He withdrew at this, staring blankly out the window at the passing buildings. Selfishly, I kicked myself, because now he was going to sulk for the next few days and glare reproachfully at me like he always did when I was caustic towards his fussing and questioning, which was, frankly, disconcerting and distracting. On the upside, I would get little or no acknowledgement other than the odd `yes Turkish' or `no Turkish'. No chatter, a true blessing, and, thought I, ample compensation for the moping.

Tommy seemed to think I'd be hurt that he didn't care, because he was when I didn't.

There was the guilt again, no longer just gnawing like one of Bricktop's dogs. It had graduated to the level of one of Bricktop's pigs, devouring two pounds of flesh a minute and cutting through bone like butter.

For a few minutes, a few street signs, there was blissful silence, and then he started talking again.

"They didn't mark you up or nothin', did they?" He peered at me, as though bruises were going to appear if he looked hard enough. "If they did, I'll go find that fuck Errol and fucking...I'll..."

"Bloody `ell Tommy," I said. "What's wrong with you t'day? You've gone from bein' mister tough guy ta my fuckin' mother. Sound just like `er too." I chanced a sideways look, and huge brown eyes stared back.

"Nothin's wrong. Nothin'. It's just that, well," he trailed off, biting his lip again.

"Well?"

"You're as white as a ghost, if you don't mind my saying so."

"You getting odd on me, boy?" He was two years younger, hated it when I called him boy, usually gave me a dirty look, but his face didn't even change today. He just stared stonily out the window and I left my hand on his shoulder.

"Don't worry about it, aright?"

My hand dropped. End of chat.

Now, Tommy's a contrary lad; I can get a fifteen minute monologue about how much he hates pykies or why I shouldn't drink milk, but I'd be lucky to get a two word answer to the most open-ended of personal questions. He's a dark horse, my Tommy.

We were getting out of town now, out to where trees lined the road and traffic was rare. No bustle, no chatter, just the soothing quiet and vast, empty grey skies that either comforted me or slowly drove me mad. Today it was the latter, and that must have been why I restarted the conversation that my companion was so adamant to finish. I needed something else to occupy my mind, keep it away from the looming question of what I was going to say to Mickey. If I lived long enough for words.

"Tommy?"

"What?"

"Why you so shaky?"

He shrugged.

"What's eating you?"

Another shrug.

"You'd better tell me, boy, or else I'll assume the worst."

"What is the worst, Turkish?" He said. He was looking away, leaning heavily against the door and propping his chin up with his hand. He didn't sound much like he cared, strange, for Tommy.

I didn't have an answer, so I put my hand on his back again. This seemed to prompt him much better than any words could.

"You look after me, better than anyone ever should," he said, eyes fixed on the blur of trees. "And when I had the chance ta show you I've got your back, I nearly couldn't. I nearly let you down." He glanced guiltily over. "Again."

My stomach twisted. I had a pretty good idea of what it felt like to be a constant disappointment. A failure. But more than I knew, Tommy knew.
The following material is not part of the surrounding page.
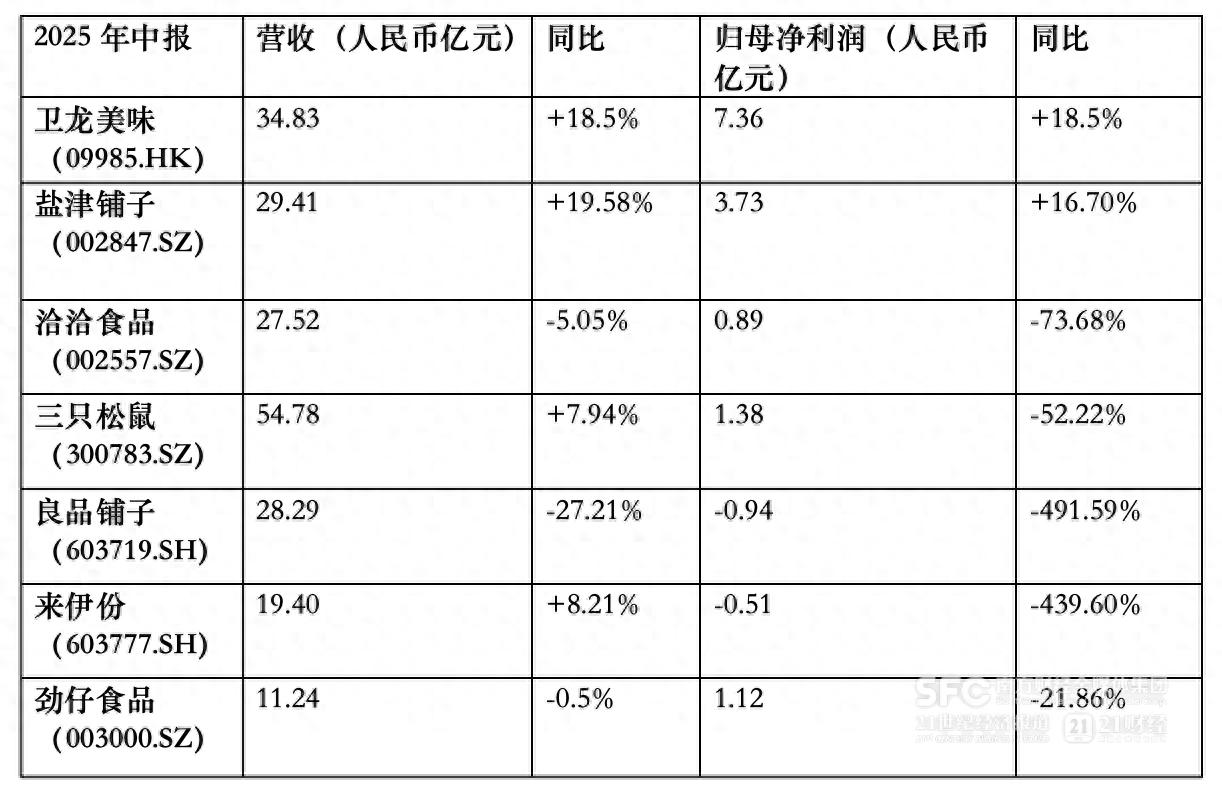 在辣条和魔芋等核心大单品驱动下,卫龙美味2025年上半年实现营收34.83亿元,同比增长18.5%,净利润7.36亿元,同比增长18.5%。

He couldn't handle himself alone, always needed someone to push him around and keep him in line. I'd been doing that so long that I'd forgotten that he, like everyone else on the planet, needed someone to pat him on the head and say `well done, guv' from time to time. Guiltily, I squeezed his shoulder. There's not much to him, my Tommy. He's all act, half his build is clothing, he hides his absence of muscle under a suit and a big duster coat and he'll jump at a shadow if the opportunity presents itself.
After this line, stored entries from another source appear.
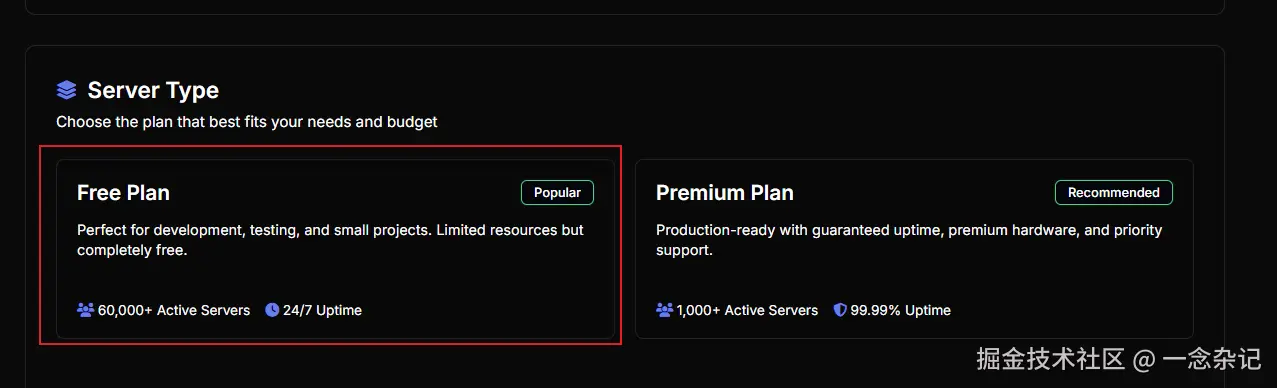 这一步比较关键,选择什么决定了你是否能够免费使用,这里我们选择"Free Plan":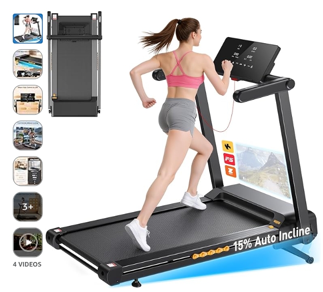 JAGJOG Treadmill for Home, 0-15% Auto Incline Folding Treadmill with 3.5 HP, 14.6″ Large LED Touchscreen, 12 HIIT Modes, 300 lbs Weight Capacity, Smart App & Heart Rate, Fully Assembly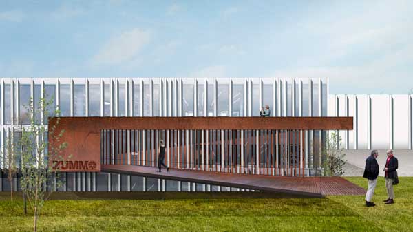 Alzado exterior del proyecto de la nueva sede de Zummo, en La Eliana (Valencia)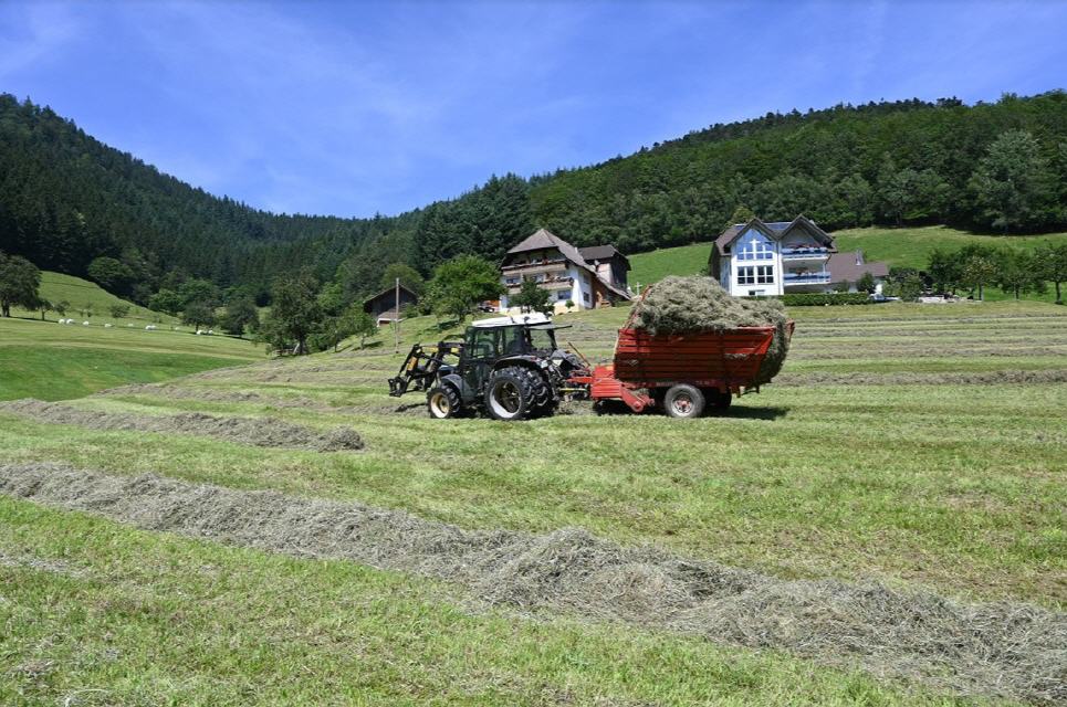 Im Sommer bei der Heuernte, oder im Winter bei der Stallarbeit.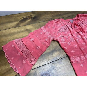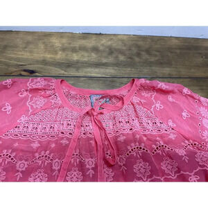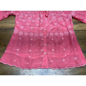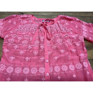 Johnny Was Tay Eylet Floral Embroidered Button Up Top Passionfruit Size XS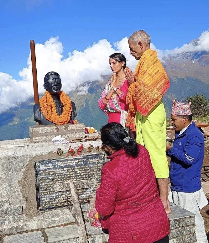 मर्दी हिमाल पर्यटन पदमार्गका पायनियर तथा अवधारणाकार साथै होटल ट्रेकर्स प्याराडाइज मर्दी हाइक्याम्प र ट्रेक इन्साइड नेपालका संचालक अग्रज पर्यटन ब्यबसायी स्व. सुदिप गौतमको अर्धकदको शालिक एक कार्यक्रमका बिच मर्दी पदमार्गको खुदारसिंग भन्ने स्थानमा हिजो २०८१ असोज २३ गते अनावरण गरिएको छ।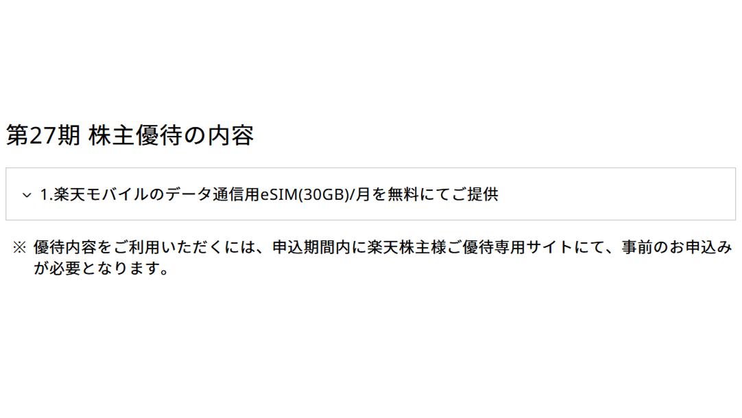 株主優待が楽天キャッシュから楽天モバイルのeSIMへ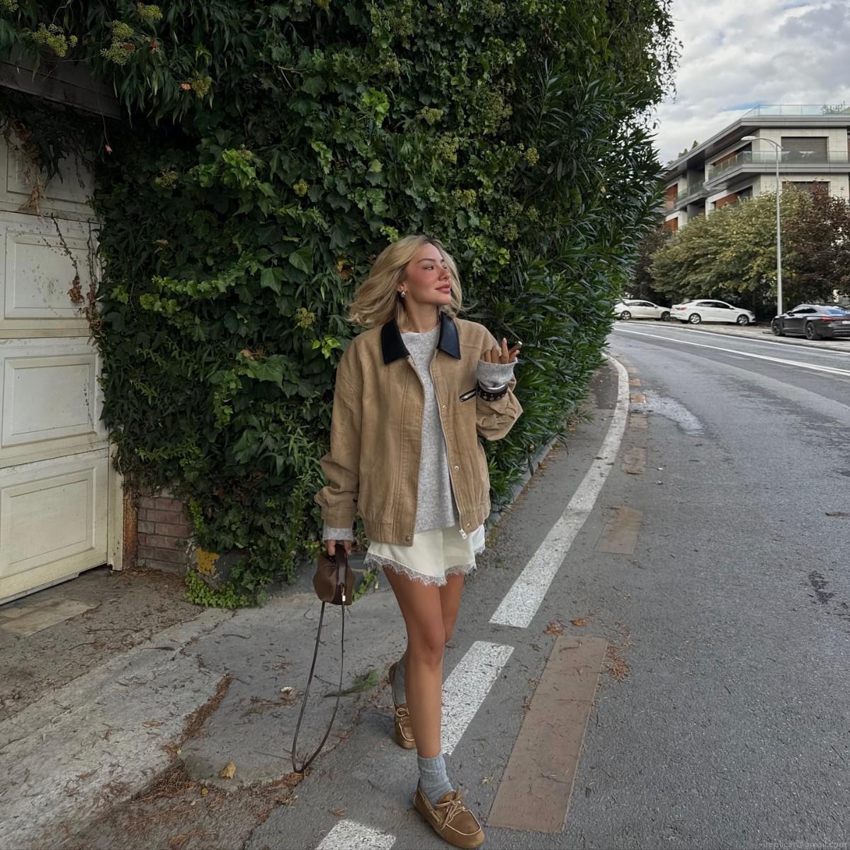 • Women's Fashion Corduroy Jacket Loose Oversized Lapel Contrast Collar Patchwork Casual Streetwear Outerwear Coat For Autumn Khaki

When I put my hand on him like that, he looked so hopeful, but scared too, like I was going to tell him to shut up and stop his moping.
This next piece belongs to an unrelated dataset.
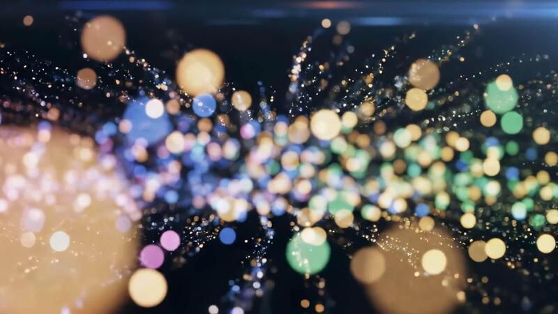 Abstract colorful glittering particles background with beautiful bokeh light effect on dark backdrop. Free Video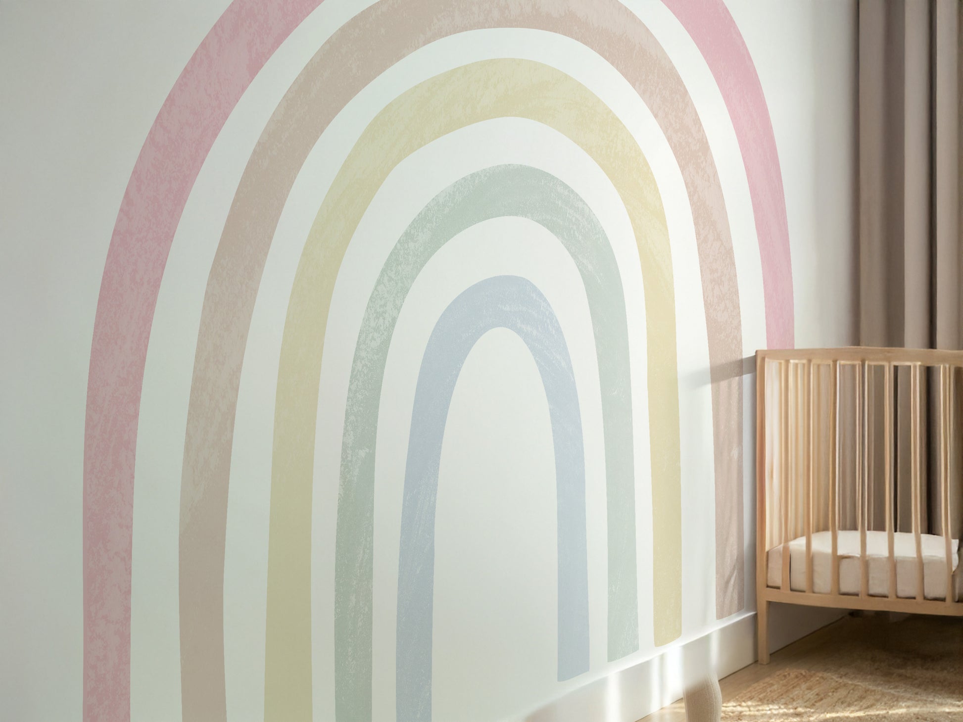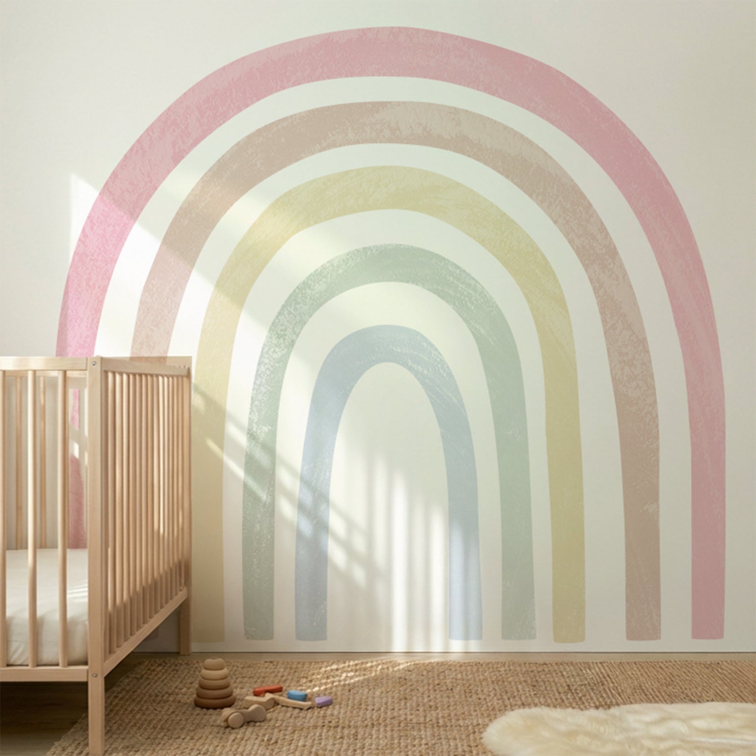 The large rainbow shape creates balance and visual warmth, making it ideal above beds, cribs, or reading corners. Its hand-painted look blends beautifully with Scandinavian and modern nursery styles.

"You did me proud, Tommy."

His face lit up. "Really Turkish, you mean that?"

I smiled at him, in spite of myself. "I said it, didn't I? You weren't too late," I admitted. "You were just in time."

His smile got wider, and he leaned into my hand, tipping his head so his cheek touched my knuckles. "Thank god," he breathed.

"No," I told him, turning my hand to touch his face and chancing a look away from the road in order to give him all the confirmation he needed. "God ain't got nothin' ta do with this. Thank _you_."

 


End file.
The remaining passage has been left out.